At the heart of our project lies an interest-rate settlement mechanism that allows a functional market for borrowing tezos assets and reallocation of risks between Lenders (who provide collateral) and Farmers (who use said collateral to attain additional leverage while providing liquidity).
The way this settlement works is as follows:
- Lenders submit their assets, while Farmers submit their leverage demands.
- The supply and demand determine utilization rate: what percentage of collateral provided by Lenders is used by Farmers. Note that this ratio takes values from 0 to 100%.
- The utilization rate itself sets the Gross Credit Rate that is paid by the Farmers.
- Kord.Fi receives 1/10 of the Gross Credit Rate in the form of a reward for match-making. The remaining sum is what we call the Net Credit Rate.

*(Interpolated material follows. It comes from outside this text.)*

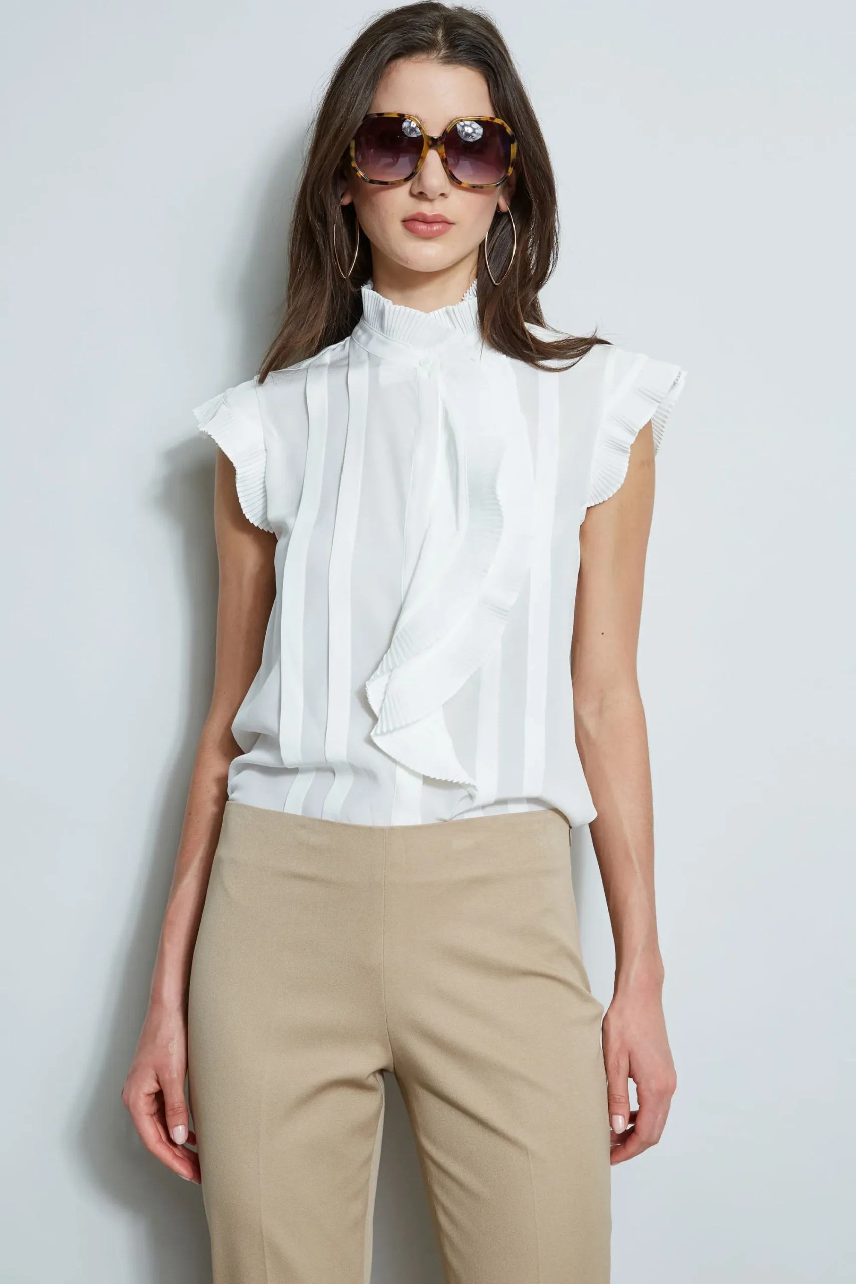 Every Spring wardrobe needs a chic Silk top. Upgrade yours with a charming cascade pleated ruffle effect in luxe silk georgette. Detailed with rows of delicate pin tucks, it adds the right touch of femininity. Pleated Flutter Sleeve Button Down Silk Shirt 100% Silk Runs true to size. Model is 5’9″ and wearing size S Length From Shoulder to Hem: Front 25″L(approx. length for size s) Dry Clean Only Imported Style #: ETR31195

- Finally, the Net Credit Rate multiplied by Utilization Rate gives us the Deposit Rate. And that is the rate received by Lenders.
So far so good. Right? The only remaining question is how exactly does the utilization rate affect the gross credit rate? Well, it's relatively simple.
Kord.Fi employs a computational algorithm that sets the rate according to utilization percentage in a piecewise-linear way. Simply put when utilization is very low (lower demand for leverage) Lenders will receive extremely low rewards. When you reach the utilization rate of 80% we arrive at a sort of “plateau” where from 80 to 90% utilization rate the gross credit rate remains at 10%. Then as utilization creeps up to 100% the gross credit rate quickly shoots up to 50%.
What is the logic behind this design? It incentivizes the users to remain at a “comfortable” 80-90% utilization rate where most of the resources provided by Lenders are used by Farmers but the demand is not too high and the withdrawal of funds by Lenders is easy.